International group of companies in the field of metal working

The Zapp Group is an international group of companies in the field of metal working based in Ratingen, Germany. The group's lead company is the Zapp Precision Metals GmbH in Schwerte and Unna, Germany. The group is a leading manufacturer of metallic precision semi-finished products and specialized in cold forming of stainless steel, titanium, carbon steel and special materials to strip, wire, rod, and profile.

==History==
The history of the family Zapp goes back to 1701, when Hermann Zapp, father of Engelberth Zapp, started a steel production north of Ründeroth in the valley of Leppe. He bought an iron hammer and registered a trade.

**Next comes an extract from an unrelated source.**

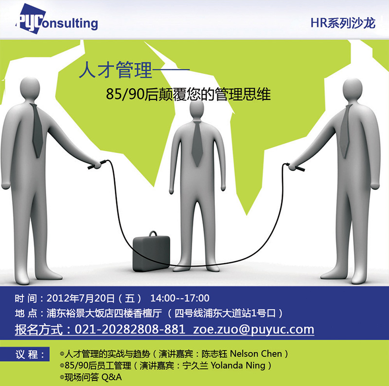 本次沙龍?zhí)匮葜v嘉賓是具有24年HR從業(yè)經(jīng)驗的資深人力資源專家陳志鈺(Nelson)老師,以及長期接觸并研究85/90后的寧久蘭(Yolanda)老師,他們將和大家一起探討人才管理和85/90后員工管理的話題。

In 1852 he built his first puddle furnace for steel of constant quality. Steel was produced there for five generations. Also Krupp bought refined steel from Zapp. When in 1857 the Great Depression caught Zapp in a financial imbalance, the company was sold. However, they remained true to steel.

In 1869 Robert Zapp left Ründeroth and founded the steel trading company Zapp (today: Zapp AG) in Düsseldorf in 1871, concentrating in particular on the Europe-wide distribution of English special steels. Zapp had previously studied iron metallurgy and the Bessemer process in England and now used his know-how for the production of special steel. But the new steel grades needed explanation. The competitive advantages that resulted from this required intensive cooperation with the toolmakers.

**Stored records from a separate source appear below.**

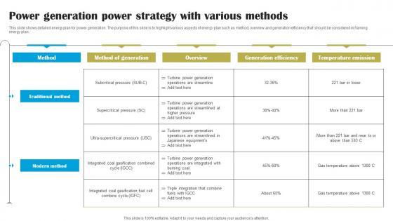 This slide shows detailed energy plan for power generation. The purpose of this slide is to highlight various aspects of energy plan such as method, overview and generation efficiency that should be considered in framing energy plan.Pitch your topic with ease and precision using this Power Generation Power Strategy With Various Methods Diagrams Pdf This layout presents information on Traditional Method, Ultra Supercritical Pressure, Temperature Above It is also available for immediate download and adjustment. So, changes can be made in the color, design, graphics or any other component to create a unique layout. This slide shows detailed energy plan for power generation. The purpose of this slide is to highlight various aspects of energy plan such as method, overview and generation efficiency that should be considered in framing energy plan.
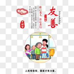 一组红色卡通国学勤学精礼孝善艺术字设计
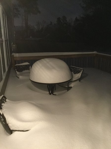 North Carolina: Asheville: 13.5”; Charlotte: 3.3”; Kitty Hawk: 0.1"; Raleigh: 1.2”; and, South Mills: 2.0”

In the course of time the assortment became ever broader. From 1913 the sales organization introduced the new Krupp steel Nirosta, from 1927 the new carbide Widia.

In 1926 the company Robert Zapp took over the Ergste steelworks, which had specialized in cold forming of stainless steel. For 70 years, the two companies operated largely independently of each other. In the post-war period, the Robert Zapp trading house concentrated on innovative high-performance materials and expanded its branch network. In contrast, the Ergste steelworks increasingly shifted its production to high-alloy and new special steels and expanded its special position among drawing and cold rolling mills. In the 1960s it was decided to concentrate entirely on stainless, acid and heat-resistant steels.

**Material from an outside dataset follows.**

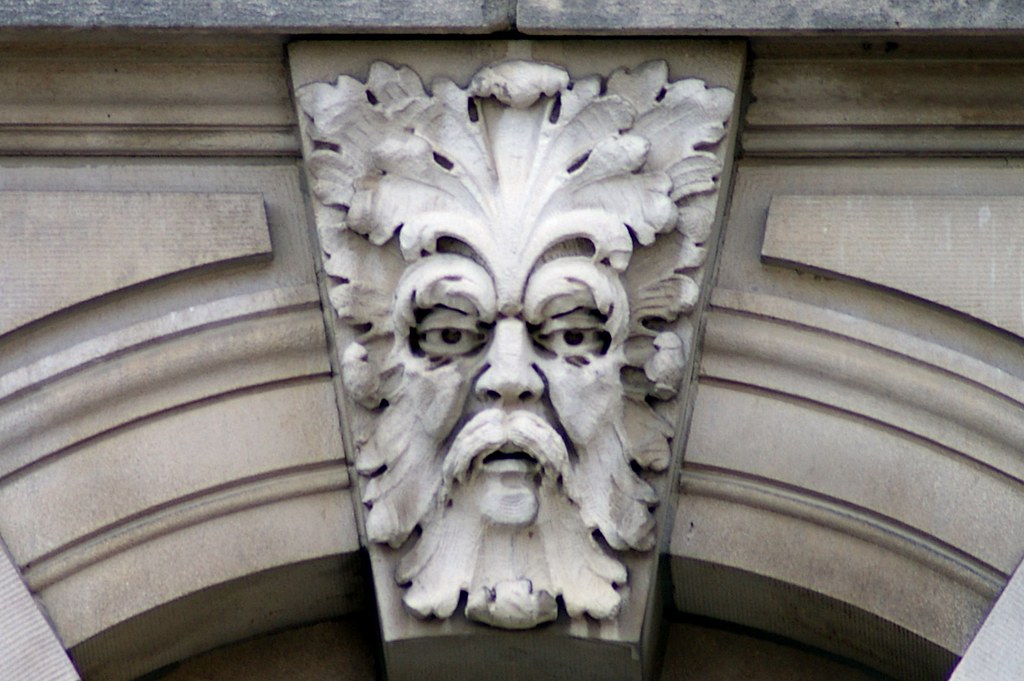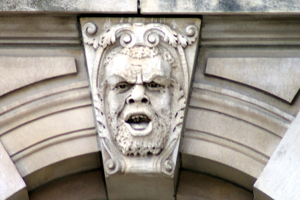 Polk County, Iowa Courthouse, grotesque faces on the window keystones.  About 30 in all.

In 1991, the Ergste steelworks bought the Westig steelworks in Unna. In 1995, the two companies merged to form Stahlwerk Ergste Westig. In the following years, production plants in the US in Summerville (South Carolina) and Dartmouth (Massachusetts), the second most important market after Europe.

In 1998, the companies of the group were merged into a family controlled joint-stock company. Since then, the company has expanded primarily in the US, Germany and China. In Germany, the companies Ferd. Wagner GmbH in Pforzheim and [Euro Titan Handels GmbH] in Ratingen were taken over by the Zapp Group and Zapp Precision Metals (Taicang) Co. was founded in China. In the US, the Zapp Group also grew through acquisitions.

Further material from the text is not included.